PCR is performed by cycling a prepared mixture through a series of temperatures at which specific reactions occur. It is customary to design continuous-flow PCR chips around these three distinct thermal zones. Multiple heaters, either integrated or off-chip, maintain the zones at the appropriate temperatures. Since the device presented here operates with a single heat source, high quality PCR can be performed with greater experimental simplicity.
Each of these new devices consists of a glass chip fitted with fluidic interconnects, a heating element, and a base to hold the heater/chip assembly. Traditionally, an extensive amount of time is required to fabricate glass microfluidic chips. Using microfabrication technology, Lin et al. report that their group was able to fabricate an entire microfluidic chip in just less than 10 hours, which had not previously been achieved. The chips presented as part of this current work are made using the “Xurographic” process, in which channels are cut into ultra-thin polyester (PET) films pre-coated with an adhesive. The patterned films are then sandwiched between glass or plastic blanks and cured for 15 minutes. A single thermal gradient chip can be fabricated in less than 45 minutes (including curing time). Although these chips are considered disposable, more than 20 PCR samples can be amplified before the chips fail.
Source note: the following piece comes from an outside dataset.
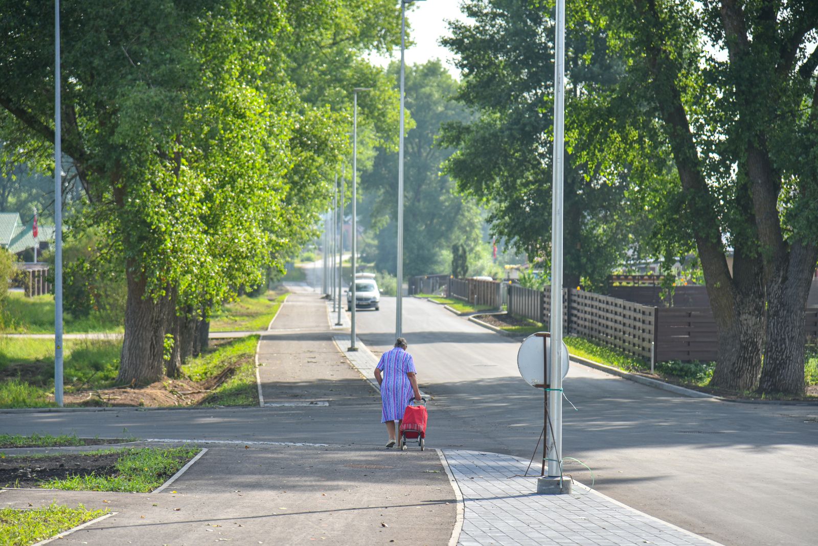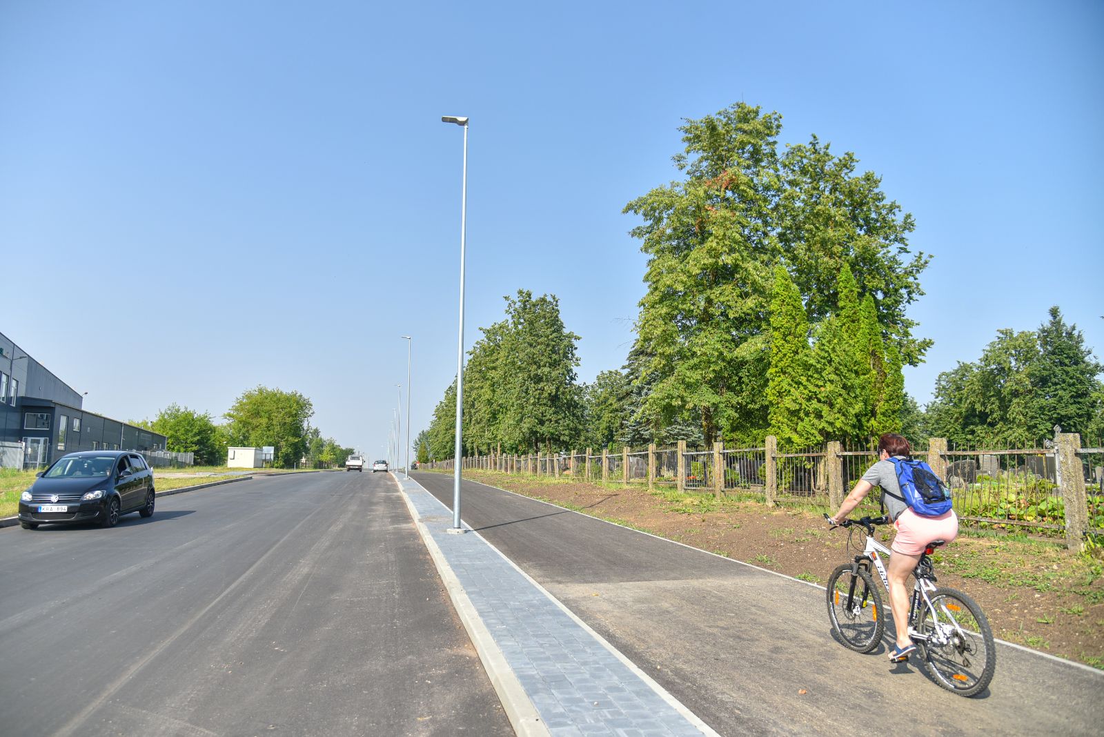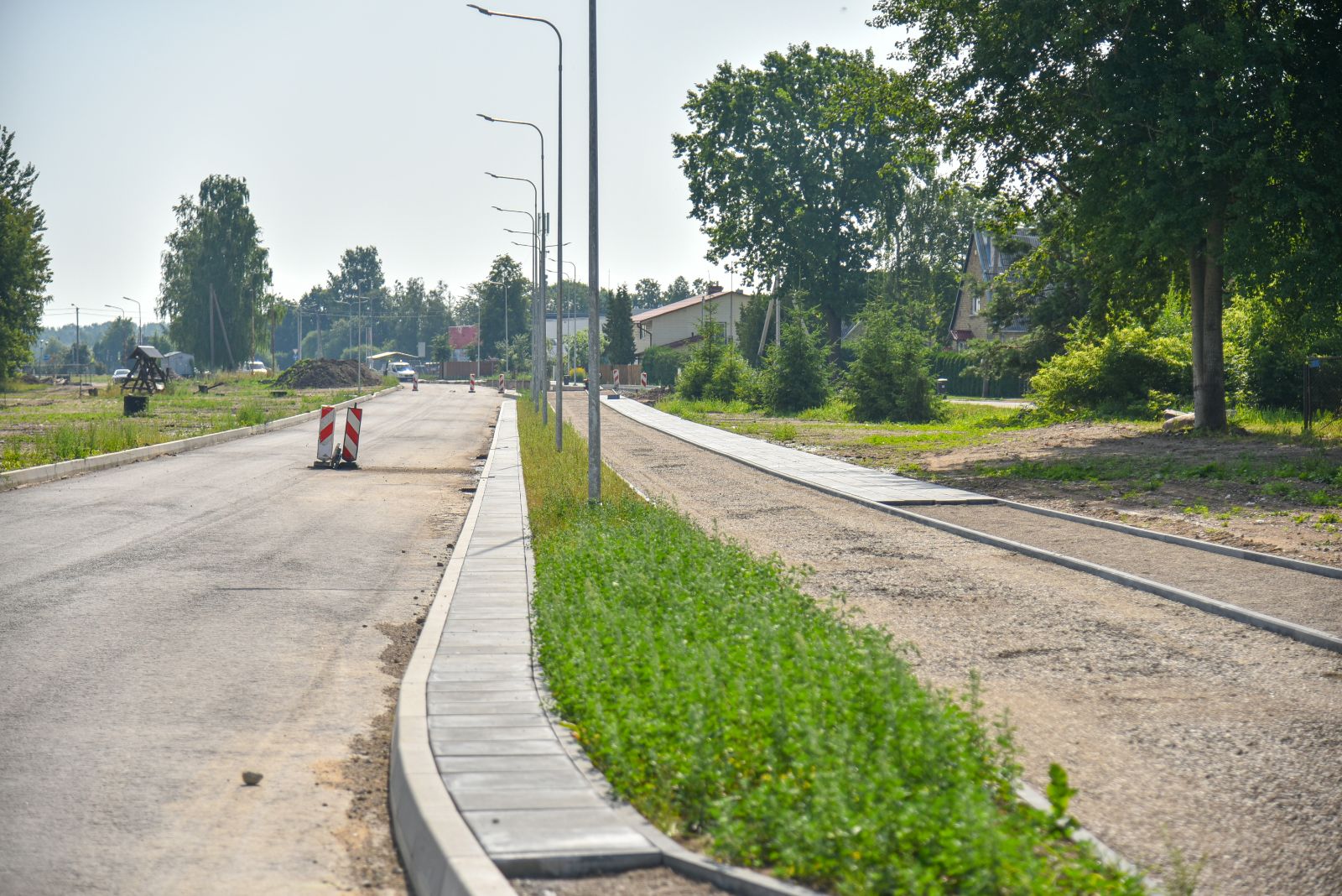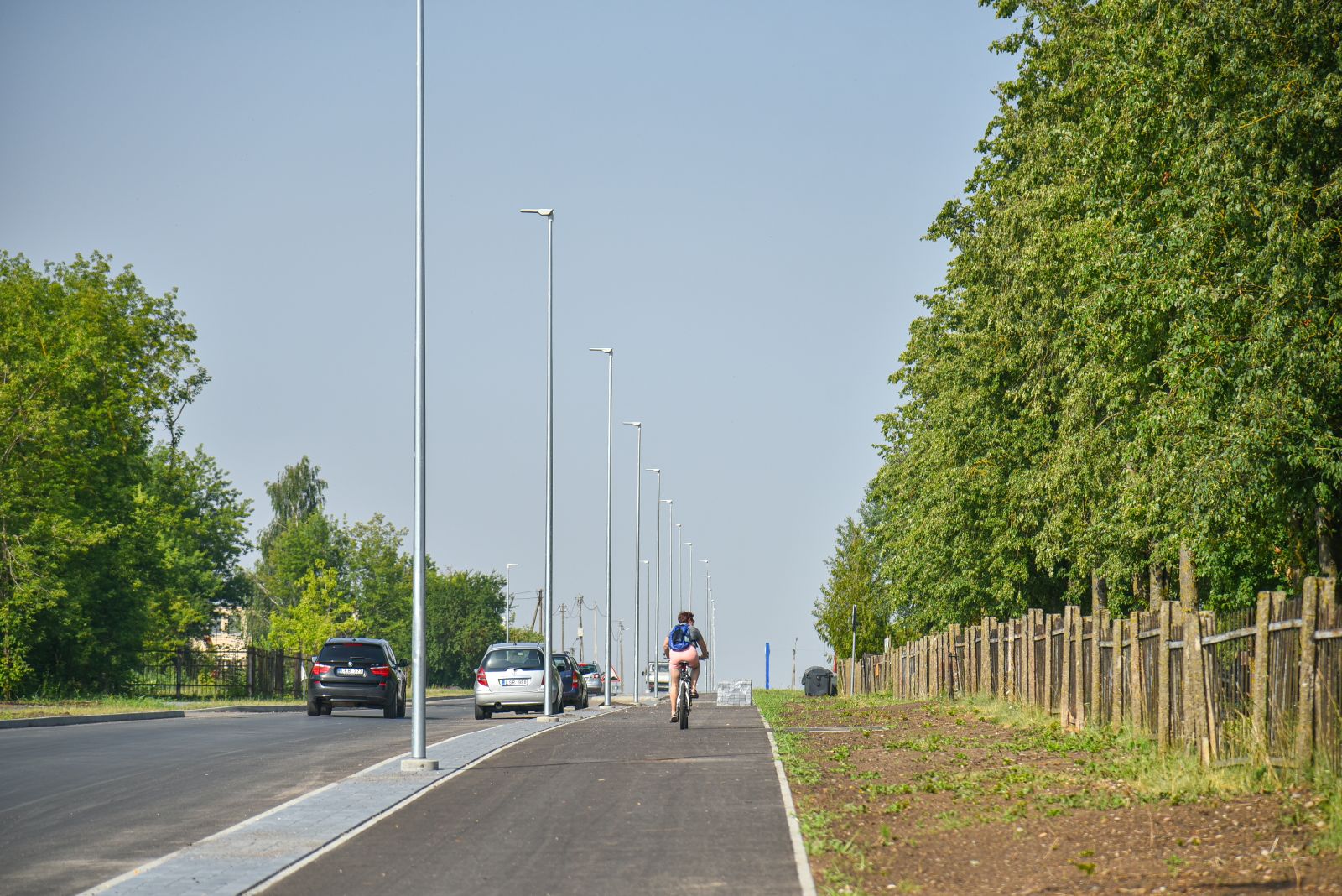 O štai atnaujinta Kėdainių gatve automobiliai jau važiuoja. Šalia nutiestu pėsčiųjų ir dviračių taku vakar net pačiu karštymečiu buvo matyti ir dviratininkų, ir pėstute žengiančių.
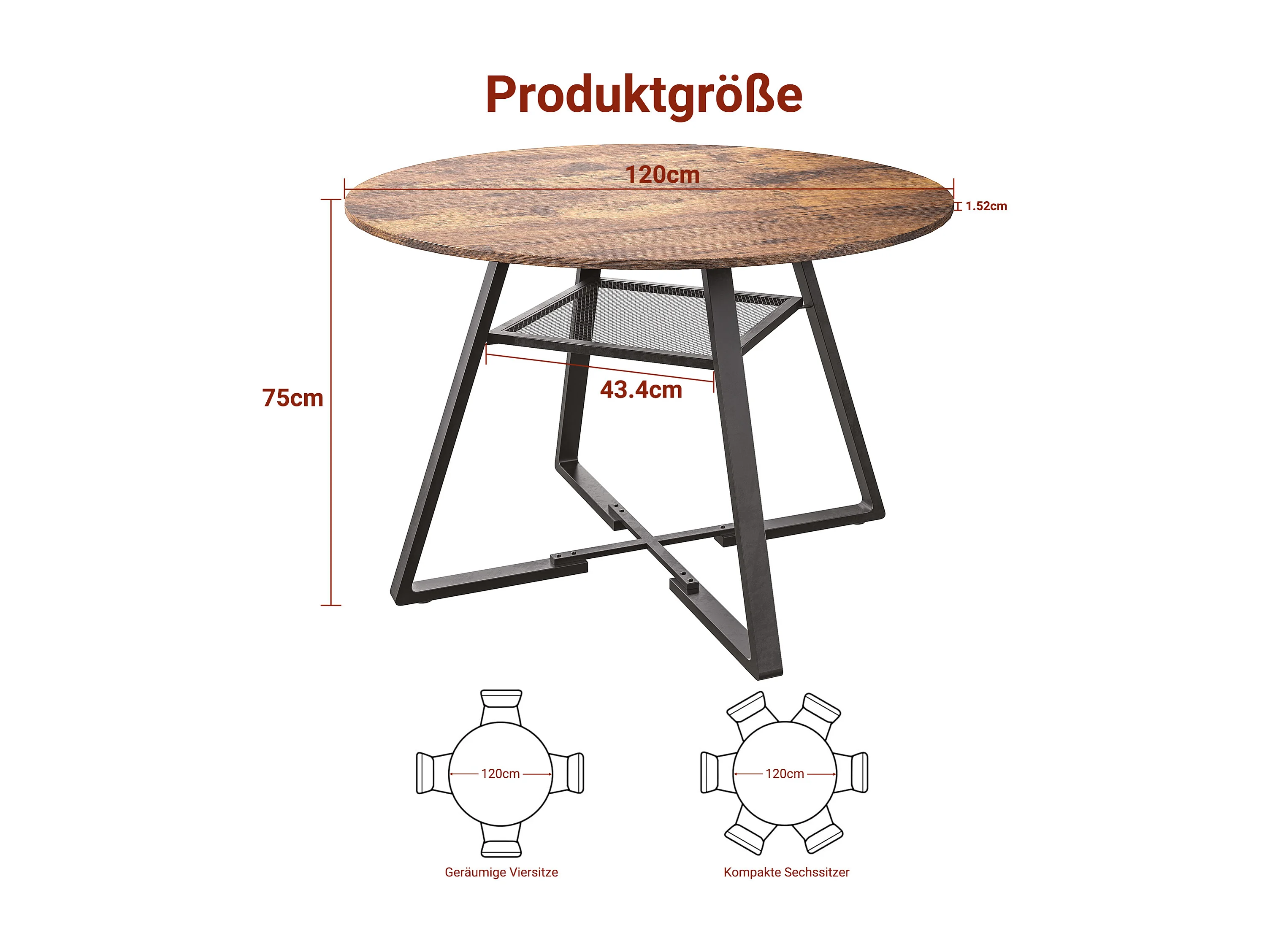 Table de Salle à Manger Ronde 120 cm,Table de Cuisine pour 4 à 6 Personnes,Surface en Bois et Base en Métal,pour Cuisine et Salon,Marron et Noir

To show that these devices are capable of amplifying DNA with high efficiency, a 75-bp segment of the Cystic Fibrosis gene exon 11 was amplified on both the PCR chip and an ultra-fast commercial thermocycler (LightCycler®, Roche, Indianapolis, IN). A 22-cycle amplification on the chip was performed in approximately 200 seconds, less than half the time required by the LightCycler®. The cycle time for the chip includes the passing of the sample through a long initial melt, a long final extension, and the dead volumes associated with the inlet and outlet ports. The amplicon obtained was of a high purity and concentration, as was is demonstrated by comparison against an identical sample amplified on the commercial equipment.